Inspired by Royal Art Lodge

How The Collective creates its art pieces owes a great deal to the processes of the Royal Art Lodge, a Winnipeg-based art collective whose world-class work is worth checking out.

Art Lodge

Adrian Williams, a founding member of the Lodge, gave a detailed account of the group's processes and thinking during a presentation in January 2004 in VA-317, a painting and drawing studio in Concordia University's Visual Arts Building in downtown Montreal.

Williams's visit, which was attended by about 60 art students and faculty was arranged by painter Eleanor Bond, a Studio Arts professor at Concordia. An account of the event was prepared by Collective member Robert Winters for the university's Thursday Report publication. You can read Robert's story and see a photo taken at the event at:

Link to news item

Information about Adrian Williams and his work can be found on the Other Gallery's website, at:

Adrian Williams

The Royal Art Lodge's work is featured in the touring Ask the Dust show, whose last stop, unforunately, is at the
Museum of Contemporary Art in Los Angeles, where it runs until Feb. 14, 2005. Here is the page on MOCA's website that describes the show and the Royal Art Lodge:

MOCA's site

MOCA's site describes the Royal Art Lodge's process in this way:

"Since 1996, The Royal Art Lodge has met every Wednesday evening in their studio at a nondescript Winnipeg warehouse. The collaborative process of drawing is unique: One member starts a drawing and then passes it along, giving each member an opportunity to alter, augment, and finally deem the drawing complete."

Ask the Dust, whose show catalogue is a must for anybody who enjoys contemporary art, was previously presented at such high-profile venues as The Power Plant in Toronto and The Drawing Center in New York.

Power Plant

Drawing Center

Excerpts from the Museum of Contemporary Art's description of the show and the Royal Art Lodge include the following:

Royal Art Lodge at MOCA

Royal Art Lodge: Ask the Dust comes to the Museum of Contemporary Art in Los Angeles

The Royal Art Lodge: Ask the Dust is the first international touring exhibition from the acclaimed Winnipeg-based artist collective The Royal Art Lodge. Showcasing approximately 300 of their collaborative drawings as well as over 400 solo works in various mediums, the exhibition opens at The Museum of Contemporary Art (MOCA) Pacific Design Center on November 14, 2004, and remains on view through February 14, 2005.

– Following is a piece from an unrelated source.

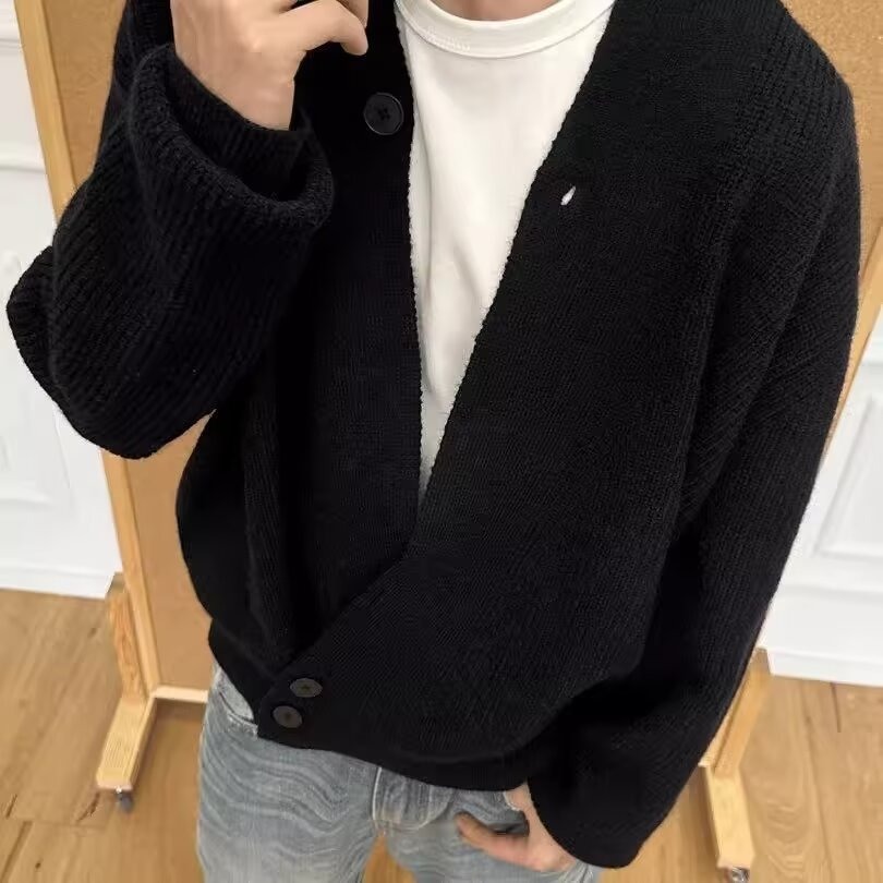 클린 핏 카디건 코트 남성용 봄과 가을 올드 머니 스타일 로브 스웨터 게으른 하이 엔드 V 넥 스웨터스토어 가기

The Royal Art Lodge was created in 1996 by six undergraduate students from the University of Manitoba's art department who began meeting regularly to make drawings together. The group began with Marcel Dzama, Neil Farber, Michael Dumontier, Drue Langlois, Adrian Williams, and Jonathan Pylypchuk and later included Hollie Dzama and Myles Langlois. They called themselves The Royal Art Lodge in a tongue-in-cheek gesture that reflected both their roots in a provincial Canadian city and the slightly hermetic nature of their group. Often referring to themselves as a "Self-Serving Secret Society," they joked that "No one gets in, no one gets out."

Since 1996, The Royal Art Lodge has met every Wednesday evening in their studio at a nondescript Winnipeg warehouse. The collaborative process of drawing is unique: One member starts a drawing and then passes it along, giving each member an opportunity to alter, augment, and finally deem the drawing complete. As each drawing is finished, it is date stamped and archived in one of five suitcases according to the members' opinion of merit. Each suitcase is marked with ranked symbols, such as a rayed sun for the very best drawings, a heart for the second best, a sad rain cloud for the bad drawings, a skull and crossbones for the works to be destroyed, and a sun face with shield for drawings to which the group is personally attached.

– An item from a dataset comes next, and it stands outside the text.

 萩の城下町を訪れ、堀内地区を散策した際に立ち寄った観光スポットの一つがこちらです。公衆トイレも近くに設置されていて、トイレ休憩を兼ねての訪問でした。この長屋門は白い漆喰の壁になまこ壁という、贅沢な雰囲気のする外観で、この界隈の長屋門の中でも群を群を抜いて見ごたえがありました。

Over the past seven years, the group has collaborated on thousands of drawings which reflect the dry wit, quirky sense of humor, diligent exuberance, and youthful optimism of its members. Their influences are many and varied, such as comics, children’s art and book illustrations, film noir, science fiction, vintage pornography, George Burns, Dante, surrealism, and Fluxus art. The core of their production is drawings, but they also produce mixed-media drawings and collages, paintings, stuffed dolls, dioramas, kites, puppets, videos, musical instruments, compact discs, records, and fanzines as well as various masks, costumes, props, and performance sets.

Together and separately, they have begun to achieve worldwide recognition for their accomplished and extensive draftsmanship, incisive and unforgettable characterizations, and a do-it-yourself low-tech aesthetic that all combine to create an art of dynamic energy, whimsical charm, and surprising beauty.

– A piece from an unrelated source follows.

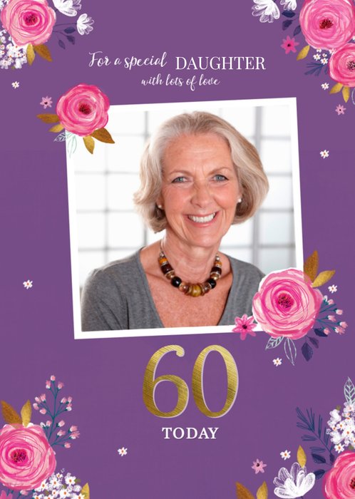 Tover een glimlach op iemands gezicht met deze leuke verjaardagskaart van Greetz! Op de verjaardagskaart staat: For a special daughter and lots of love. 60 today.

The Royal Art Lodge consists of six members, several of whom are related to one another. Originally, the group included Marcel Dzama, Neil Farber, Michael Dumontier, Drue Langlois, Adrian Williams, and Jonathan Pylypchuk. Later when Pylypchuk and Williams left, Hollie Dzama and Myles Langlois joined as members. The Dzamas and Langloises are siblings and Farber is the Dzamas' uncle.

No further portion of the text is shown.